“Omnipresent, stultifying” legal restrictions hinder talented educators and allow poor ones to make excuses for their performance, Secretary of Education William J. Bennett charges in a speech prepared for delivery late last week before the American Bar Association.
He asks the lawyers to “lend your talent and energy to the task of deregulating education.”
“We need accountability; and one thing that undercuts accountability perhaps more than anything is the tangled cord of legal mumbo-jumbo wrapped around the necks of the men and women, the teachers and principals, who are trying to teach and care for our children,” Mr. Bennett says in the text for the Philadelphia law meeting.
Many laws regulating schools have “sprung from noble aspirations and were aimed high at worthwhile goals,” such as “ridding education of the evils of segregation and opening our schools to those with learning disabilities,” the Secretary says,4adding that now the law-making has gotten out of hand.
Courts heard more challenges to school-board decisions in the 1970’s than in the previous seven decades combined, Mr. Bennett says, and the verbiage of federal legislation affecting education increased from 80 to 360 pages between 1964 and 1974. The amount of state regulation has increased as well, the Secretary notes.
The cost of defending against lawsuits has also soared, Mr. Bennett says, and worries about liability cause school officials “to think twice before imposing discipline where discipline is due, firing incompetent employees, or sponsoring school activities where students may potentially suffer real or perceived injuries.”
“In fact, the entire nine-member school board of Nebraska’s Oakland-Craig district resigned in an attempt to avoid personal liability for any judgment resulting from $22 million in personal-injury lawsuits filed against the district,” he says.
The same laws that constrain well-meaning educators allow others to ''escape responsibility for their own failings,” according to Mr. Bennett. “They can claim, for example, a heartfelt desire to beef up the curriculum and get rid of bad teachers, but can argue convincingly that the law won’t let them do it.”
Lawyers can help by encouraging state and local governments to “minimize the legal burdens on school officials,” the Secretary suggests. The speech urges them to create committees “with a mission of clarifying, simplifying, and limiting constraints on educator discretion.”
It also urges lawyers to “demystify the law” for educators, who, according to Mr. Bennett, often think it constrains them more than it actually does. “When lawyers give overly cautious advice, they increase the chance that innovation and educational reform will not take place,” he charges.
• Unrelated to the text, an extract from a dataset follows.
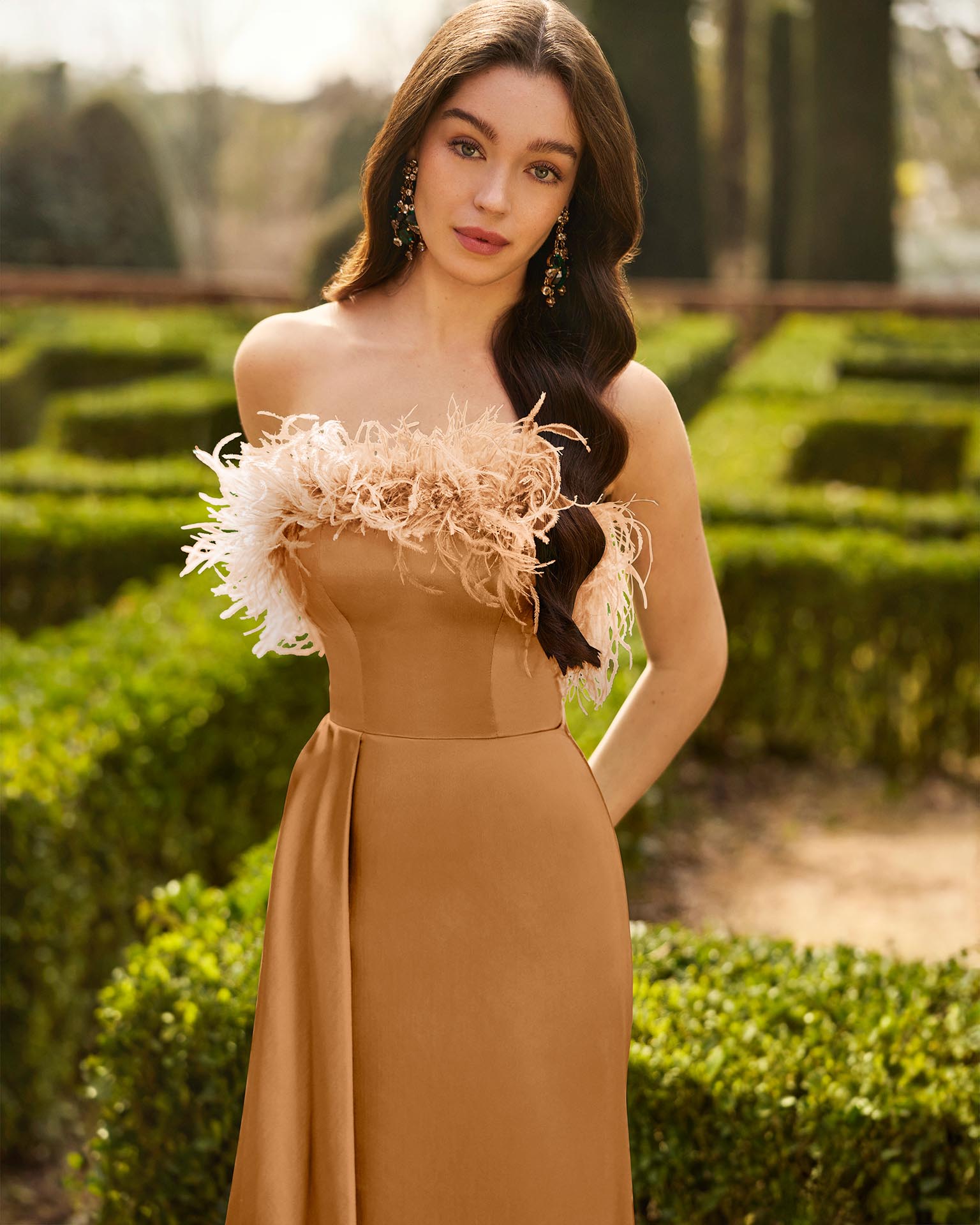 Abito da sera lungo. Realizzato in raso. Scollo senza spalline con piume. Include scialle.

Finally, the speech asks the lawyers to devote pro bono efforts--unpaid work done for charitable purposes--to assisting educators.
“Why is it that when a lawyer does pro bono work on an education matter, so often it seems he is representing someone who asserts the constitutional right to disrupt class?” Mr. Bennett asks. “Lawyers should help schools do things that make educational sense to do, not just give educators reasons why they can’t do things.”